A pesar de sus más que presumibles dotes, mostraba gran resistencia en quitarse esa apretada camiseta, incluso en los momentos más íntimos. Yo no terminaba de comprender las razones para conservar cualquier tejido pegado a su anatomía, y traté, en vano, de arrancárselo en los instantes de mayor pasión.

Así pasamos esa fría estación y la primavera siguiente, sin poder conocer el color de la piel de mi nuevo amante.

Fueron el calor y una visita a un parque acuático los que consiguieron con facilidad lo que yo había tratado de lograr en tantos intentos.
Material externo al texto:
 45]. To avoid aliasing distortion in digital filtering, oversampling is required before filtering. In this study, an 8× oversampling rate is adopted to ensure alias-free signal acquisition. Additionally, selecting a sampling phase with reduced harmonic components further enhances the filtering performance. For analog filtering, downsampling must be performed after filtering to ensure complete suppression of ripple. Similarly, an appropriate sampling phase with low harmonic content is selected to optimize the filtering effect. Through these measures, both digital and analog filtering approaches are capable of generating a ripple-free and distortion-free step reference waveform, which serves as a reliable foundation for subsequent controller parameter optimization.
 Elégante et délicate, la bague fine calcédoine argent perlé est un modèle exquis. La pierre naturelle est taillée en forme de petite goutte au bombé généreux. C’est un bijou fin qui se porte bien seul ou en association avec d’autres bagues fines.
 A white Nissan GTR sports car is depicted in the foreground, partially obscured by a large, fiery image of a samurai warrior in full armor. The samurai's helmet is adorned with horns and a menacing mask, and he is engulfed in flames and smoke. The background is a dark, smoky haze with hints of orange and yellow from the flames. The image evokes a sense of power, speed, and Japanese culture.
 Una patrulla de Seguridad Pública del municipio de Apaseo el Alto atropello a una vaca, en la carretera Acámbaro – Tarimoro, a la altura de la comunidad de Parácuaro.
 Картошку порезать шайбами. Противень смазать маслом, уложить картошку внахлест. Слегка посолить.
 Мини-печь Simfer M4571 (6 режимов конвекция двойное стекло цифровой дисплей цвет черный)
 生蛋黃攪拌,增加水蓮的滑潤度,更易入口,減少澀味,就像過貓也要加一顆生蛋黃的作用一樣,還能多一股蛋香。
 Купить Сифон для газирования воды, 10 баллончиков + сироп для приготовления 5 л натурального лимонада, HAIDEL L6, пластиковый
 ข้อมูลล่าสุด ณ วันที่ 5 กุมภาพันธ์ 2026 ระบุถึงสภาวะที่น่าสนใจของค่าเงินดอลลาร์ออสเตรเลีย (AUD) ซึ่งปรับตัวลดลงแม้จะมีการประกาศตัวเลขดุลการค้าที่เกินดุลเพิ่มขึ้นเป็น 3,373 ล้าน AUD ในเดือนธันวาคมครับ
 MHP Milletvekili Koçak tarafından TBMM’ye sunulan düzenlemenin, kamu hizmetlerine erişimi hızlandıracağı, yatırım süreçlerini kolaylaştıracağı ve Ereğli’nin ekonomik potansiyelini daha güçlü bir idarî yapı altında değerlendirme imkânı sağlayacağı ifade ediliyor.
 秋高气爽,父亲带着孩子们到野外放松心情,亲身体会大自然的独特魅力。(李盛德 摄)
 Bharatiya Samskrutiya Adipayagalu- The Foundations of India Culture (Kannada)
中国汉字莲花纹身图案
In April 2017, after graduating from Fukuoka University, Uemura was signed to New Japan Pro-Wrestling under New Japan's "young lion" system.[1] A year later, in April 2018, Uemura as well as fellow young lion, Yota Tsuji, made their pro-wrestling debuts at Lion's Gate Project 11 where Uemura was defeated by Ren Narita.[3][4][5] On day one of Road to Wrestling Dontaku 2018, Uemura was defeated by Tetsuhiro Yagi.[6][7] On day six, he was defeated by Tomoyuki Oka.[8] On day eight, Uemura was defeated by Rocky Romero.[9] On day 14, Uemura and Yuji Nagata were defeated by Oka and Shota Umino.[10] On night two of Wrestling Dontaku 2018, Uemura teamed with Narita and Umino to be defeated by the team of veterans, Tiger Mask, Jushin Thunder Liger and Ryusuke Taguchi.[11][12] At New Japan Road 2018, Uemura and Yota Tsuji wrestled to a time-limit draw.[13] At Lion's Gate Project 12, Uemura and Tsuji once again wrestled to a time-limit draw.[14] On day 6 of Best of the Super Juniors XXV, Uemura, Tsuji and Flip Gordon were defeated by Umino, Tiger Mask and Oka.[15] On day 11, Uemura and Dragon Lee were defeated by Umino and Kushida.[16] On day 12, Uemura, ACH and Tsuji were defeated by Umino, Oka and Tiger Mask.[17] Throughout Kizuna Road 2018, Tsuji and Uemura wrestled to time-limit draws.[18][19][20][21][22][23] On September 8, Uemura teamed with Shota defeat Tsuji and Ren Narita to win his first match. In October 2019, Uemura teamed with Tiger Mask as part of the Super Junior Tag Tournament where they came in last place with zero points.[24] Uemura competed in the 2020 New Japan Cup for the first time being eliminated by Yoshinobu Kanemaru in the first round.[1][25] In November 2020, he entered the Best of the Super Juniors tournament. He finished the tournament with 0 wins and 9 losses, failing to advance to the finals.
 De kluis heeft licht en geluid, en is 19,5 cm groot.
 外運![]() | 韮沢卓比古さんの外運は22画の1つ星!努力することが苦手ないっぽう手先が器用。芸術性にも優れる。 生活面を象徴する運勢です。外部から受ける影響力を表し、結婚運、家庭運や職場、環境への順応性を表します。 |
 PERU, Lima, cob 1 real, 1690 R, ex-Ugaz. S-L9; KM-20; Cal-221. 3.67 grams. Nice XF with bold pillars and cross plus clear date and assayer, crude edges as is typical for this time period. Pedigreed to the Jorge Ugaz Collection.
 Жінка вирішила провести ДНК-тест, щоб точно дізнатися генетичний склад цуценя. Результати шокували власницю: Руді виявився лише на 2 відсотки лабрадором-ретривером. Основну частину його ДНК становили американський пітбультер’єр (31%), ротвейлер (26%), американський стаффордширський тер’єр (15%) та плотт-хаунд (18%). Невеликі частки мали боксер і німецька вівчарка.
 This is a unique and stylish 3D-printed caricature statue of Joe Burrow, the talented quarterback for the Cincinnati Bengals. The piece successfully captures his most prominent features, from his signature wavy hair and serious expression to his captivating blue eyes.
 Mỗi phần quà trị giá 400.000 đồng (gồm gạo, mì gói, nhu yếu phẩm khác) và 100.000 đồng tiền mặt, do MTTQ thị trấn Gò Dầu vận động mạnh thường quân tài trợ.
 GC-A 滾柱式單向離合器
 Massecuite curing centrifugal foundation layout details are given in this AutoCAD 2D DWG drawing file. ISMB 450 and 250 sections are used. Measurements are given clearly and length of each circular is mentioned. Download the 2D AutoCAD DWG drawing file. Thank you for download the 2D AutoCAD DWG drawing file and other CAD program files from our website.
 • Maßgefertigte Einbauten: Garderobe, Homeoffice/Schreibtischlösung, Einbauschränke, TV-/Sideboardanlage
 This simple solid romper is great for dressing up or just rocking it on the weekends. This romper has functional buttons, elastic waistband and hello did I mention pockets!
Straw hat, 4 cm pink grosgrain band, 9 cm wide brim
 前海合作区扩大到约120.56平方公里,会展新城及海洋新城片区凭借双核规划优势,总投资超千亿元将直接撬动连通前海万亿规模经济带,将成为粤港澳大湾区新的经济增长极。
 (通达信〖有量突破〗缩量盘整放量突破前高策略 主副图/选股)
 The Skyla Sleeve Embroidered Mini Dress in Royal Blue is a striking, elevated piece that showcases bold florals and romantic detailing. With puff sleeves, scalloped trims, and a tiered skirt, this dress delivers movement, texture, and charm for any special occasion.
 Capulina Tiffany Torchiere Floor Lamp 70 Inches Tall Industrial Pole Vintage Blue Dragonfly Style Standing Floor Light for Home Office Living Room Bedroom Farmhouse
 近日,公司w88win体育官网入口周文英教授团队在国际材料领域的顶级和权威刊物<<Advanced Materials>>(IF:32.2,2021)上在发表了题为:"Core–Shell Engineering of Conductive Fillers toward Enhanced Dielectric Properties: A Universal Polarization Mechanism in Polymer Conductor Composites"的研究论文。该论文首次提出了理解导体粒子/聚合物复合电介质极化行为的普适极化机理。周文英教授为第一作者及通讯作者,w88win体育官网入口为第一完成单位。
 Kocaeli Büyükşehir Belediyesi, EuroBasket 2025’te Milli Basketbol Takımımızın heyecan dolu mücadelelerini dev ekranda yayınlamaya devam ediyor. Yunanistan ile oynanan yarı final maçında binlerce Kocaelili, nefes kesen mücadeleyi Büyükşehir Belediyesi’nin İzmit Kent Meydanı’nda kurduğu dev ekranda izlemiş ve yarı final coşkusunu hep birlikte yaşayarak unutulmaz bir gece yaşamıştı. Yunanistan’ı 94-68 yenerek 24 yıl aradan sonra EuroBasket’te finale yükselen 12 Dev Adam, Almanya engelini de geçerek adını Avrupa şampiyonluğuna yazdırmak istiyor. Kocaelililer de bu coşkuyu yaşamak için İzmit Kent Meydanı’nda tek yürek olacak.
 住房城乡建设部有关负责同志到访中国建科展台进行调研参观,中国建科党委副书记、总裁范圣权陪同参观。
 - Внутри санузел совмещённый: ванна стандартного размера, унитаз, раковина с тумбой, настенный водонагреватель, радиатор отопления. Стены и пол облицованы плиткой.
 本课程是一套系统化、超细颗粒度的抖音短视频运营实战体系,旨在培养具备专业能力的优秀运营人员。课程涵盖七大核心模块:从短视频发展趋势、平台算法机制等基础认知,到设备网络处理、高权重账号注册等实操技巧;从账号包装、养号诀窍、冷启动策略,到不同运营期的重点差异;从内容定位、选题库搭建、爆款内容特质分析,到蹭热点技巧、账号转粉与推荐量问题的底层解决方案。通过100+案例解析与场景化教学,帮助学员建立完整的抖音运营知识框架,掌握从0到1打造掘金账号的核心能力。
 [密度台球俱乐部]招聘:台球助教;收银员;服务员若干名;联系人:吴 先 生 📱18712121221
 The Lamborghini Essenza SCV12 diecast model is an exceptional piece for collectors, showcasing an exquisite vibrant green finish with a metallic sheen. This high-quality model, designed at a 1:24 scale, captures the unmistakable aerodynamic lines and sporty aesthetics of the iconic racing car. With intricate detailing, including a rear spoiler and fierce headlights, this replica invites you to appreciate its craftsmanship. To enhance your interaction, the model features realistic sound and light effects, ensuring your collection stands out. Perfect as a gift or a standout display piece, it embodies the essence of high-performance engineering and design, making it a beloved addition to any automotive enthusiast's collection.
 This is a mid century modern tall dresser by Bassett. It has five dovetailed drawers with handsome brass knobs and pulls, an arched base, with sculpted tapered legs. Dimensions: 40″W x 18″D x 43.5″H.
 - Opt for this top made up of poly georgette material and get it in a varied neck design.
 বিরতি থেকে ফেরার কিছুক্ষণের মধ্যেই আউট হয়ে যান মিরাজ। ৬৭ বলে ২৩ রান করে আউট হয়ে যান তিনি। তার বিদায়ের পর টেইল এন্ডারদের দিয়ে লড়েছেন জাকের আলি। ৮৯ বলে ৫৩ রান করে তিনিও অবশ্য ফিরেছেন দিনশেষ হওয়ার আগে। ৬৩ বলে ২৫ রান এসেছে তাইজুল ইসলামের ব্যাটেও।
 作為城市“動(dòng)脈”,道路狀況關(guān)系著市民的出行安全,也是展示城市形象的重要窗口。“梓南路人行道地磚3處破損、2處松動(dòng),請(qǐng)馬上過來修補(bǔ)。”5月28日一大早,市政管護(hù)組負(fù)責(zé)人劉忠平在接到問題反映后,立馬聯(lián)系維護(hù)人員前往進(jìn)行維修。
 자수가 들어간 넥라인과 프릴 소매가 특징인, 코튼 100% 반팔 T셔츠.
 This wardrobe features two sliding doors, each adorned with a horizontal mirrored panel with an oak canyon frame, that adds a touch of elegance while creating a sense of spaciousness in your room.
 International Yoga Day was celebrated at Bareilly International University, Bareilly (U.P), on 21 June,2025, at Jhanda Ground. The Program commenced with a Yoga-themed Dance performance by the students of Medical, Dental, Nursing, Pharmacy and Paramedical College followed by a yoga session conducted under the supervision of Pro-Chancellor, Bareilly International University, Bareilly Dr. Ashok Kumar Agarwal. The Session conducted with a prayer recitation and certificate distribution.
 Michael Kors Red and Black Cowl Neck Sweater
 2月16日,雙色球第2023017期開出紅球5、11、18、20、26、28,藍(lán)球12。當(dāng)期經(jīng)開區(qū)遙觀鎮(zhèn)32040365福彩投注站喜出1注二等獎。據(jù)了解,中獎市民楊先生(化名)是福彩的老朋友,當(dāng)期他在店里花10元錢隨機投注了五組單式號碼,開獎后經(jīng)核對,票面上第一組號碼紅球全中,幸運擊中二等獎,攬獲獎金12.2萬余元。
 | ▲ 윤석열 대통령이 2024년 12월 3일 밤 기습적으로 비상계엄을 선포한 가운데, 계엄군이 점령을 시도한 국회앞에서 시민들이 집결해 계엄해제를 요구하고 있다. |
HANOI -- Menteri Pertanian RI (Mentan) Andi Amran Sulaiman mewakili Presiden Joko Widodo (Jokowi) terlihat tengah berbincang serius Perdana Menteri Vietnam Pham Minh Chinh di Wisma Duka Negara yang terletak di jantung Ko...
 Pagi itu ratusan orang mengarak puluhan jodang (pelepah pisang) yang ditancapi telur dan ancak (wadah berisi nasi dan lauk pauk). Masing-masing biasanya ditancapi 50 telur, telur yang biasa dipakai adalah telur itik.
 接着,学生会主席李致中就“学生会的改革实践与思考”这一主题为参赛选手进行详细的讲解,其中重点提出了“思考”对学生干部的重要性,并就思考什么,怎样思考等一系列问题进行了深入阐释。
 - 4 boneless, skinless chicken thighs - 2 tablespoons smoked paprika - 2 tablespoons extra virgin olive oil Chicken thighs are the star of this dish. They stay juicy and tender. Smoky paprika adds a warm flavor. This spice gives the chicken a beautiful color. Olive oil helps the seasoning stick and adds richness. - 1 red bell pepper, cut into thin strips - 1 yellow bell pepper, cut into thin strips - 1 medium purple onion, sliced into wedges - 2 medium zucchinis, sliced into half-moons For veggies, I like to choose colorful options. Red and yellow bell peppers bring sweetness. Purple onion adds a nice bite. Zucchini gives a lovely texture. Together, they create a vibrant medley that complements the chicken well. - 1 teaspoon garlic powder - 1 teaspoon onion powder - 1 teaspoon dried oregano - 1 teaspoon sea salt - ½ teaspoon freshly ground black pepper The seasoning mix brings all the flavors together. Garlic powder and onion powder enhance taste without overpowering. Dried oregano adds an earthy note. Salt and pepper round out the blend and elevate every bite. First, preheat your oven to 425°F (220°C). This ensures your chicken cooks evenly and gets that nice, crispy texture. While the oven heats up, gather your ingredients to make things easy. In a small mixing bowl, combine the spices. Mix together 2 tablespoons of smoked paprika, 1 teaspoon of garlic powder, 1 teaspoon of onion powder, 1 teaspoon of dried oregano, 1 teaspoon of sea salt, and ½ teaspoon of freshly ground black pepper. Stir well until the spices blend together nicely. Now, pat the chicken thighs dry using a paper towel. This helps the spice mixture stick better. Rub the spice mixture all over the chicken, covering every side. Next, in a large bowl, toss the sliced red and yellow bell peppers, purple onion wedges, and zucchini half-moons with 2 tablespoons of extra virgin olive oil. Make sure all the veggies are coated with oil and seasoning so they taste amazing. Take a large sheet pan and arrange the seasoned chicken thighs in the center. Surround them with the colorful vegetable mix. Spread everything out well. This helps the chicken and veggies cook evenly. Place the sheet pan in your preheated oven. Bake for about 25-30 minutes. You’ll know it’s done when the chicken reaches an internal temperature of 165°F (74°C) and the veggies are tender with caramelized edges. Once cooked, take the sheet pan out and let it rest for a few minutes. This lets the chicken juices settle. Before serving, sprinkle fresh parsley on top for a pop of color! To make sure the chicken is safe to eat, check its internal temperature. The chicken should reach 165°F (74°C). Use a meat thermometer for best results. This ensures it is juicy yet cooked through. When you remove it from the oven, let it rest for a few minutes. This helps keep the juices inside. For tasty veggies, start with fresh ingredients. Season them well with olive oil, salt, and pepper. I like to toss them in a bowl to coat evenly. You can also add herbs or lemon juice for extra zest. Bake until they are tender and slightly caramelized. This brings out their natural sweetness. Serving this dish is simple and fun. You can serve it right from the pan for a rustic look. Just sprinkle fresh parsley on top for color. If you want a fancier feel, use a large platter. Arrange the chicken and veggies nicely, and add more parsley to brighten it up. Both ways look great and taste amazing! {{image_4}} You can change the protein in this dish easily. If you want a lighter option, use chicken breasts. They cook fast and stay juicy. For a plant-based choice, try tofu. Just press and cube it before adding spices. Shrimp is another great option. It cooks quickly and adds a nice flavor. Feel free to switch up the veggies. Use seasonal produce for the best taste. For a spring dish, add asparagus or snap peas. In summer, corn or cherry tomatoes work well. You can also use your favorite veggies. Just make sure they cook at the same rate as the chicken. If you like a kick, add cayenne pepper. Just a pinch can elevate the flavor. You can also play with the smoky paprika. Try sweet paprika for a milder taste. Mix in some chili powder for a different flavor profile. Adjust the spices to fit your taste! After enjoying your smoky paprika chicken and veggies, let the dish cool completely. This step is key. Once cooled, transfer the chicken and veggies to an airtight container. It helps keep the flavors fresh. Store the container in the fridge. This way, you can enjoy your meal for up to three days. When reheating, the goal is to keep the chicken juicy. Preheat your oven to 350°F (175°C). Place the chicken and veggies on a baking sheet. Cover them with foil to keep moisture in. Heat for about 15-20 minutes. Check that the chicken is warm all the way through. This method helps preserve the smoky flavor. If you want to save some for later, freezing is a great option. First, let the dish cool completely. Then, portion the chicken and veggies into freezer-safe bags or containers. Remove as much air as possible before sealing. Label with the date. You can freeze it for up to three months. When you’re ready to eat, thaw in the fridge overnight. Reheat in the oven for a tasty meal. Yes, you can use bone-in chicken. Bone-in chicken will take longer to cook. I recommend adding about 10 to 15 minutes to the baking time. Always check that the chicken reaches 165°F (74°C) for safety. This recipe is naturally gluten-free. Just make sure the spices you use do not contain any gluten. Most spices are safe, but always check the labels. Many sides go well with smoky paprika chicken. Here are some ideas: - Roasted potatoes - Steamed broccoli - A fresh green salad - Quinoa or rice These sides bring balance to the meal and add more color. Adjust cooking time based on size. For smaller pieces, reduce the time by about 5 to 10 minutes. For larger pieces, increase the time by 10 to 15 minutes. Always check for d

Al fin, salió la camiseta por su cuello y lo comprendí todo.

Entre el pezón derecho y el izquierdo, en amplias letras góticas, llevaba tatuado el nombre de Mari Cruz. Traté de hacer memoria y recordé que ése no era mi nombre. En mi partida de nacimiento se leía, en bonita caligrafía cursiva, un claro Mari Luz. Luz para los amigos.

Pasé toda la jornada meditando si terminaba por aceptar el nombre tatuado o si me decidía a cortar la relación con mi inconsciente novio. Iba a decidirme por esa última opción, después de que varios conocidos suyos me llamaran como a su antigua novia, cuando se me ocurrió una idea mejor. Le exigiría un tatuaje cerca de sus partes íntimas, bien delante, bien detrás, ocultable sólo por sus calzoncillos.

Eso no me aseguraría la vida eterna junto a él, es cierto, pero sí un largo período de castidad para su próxima chica.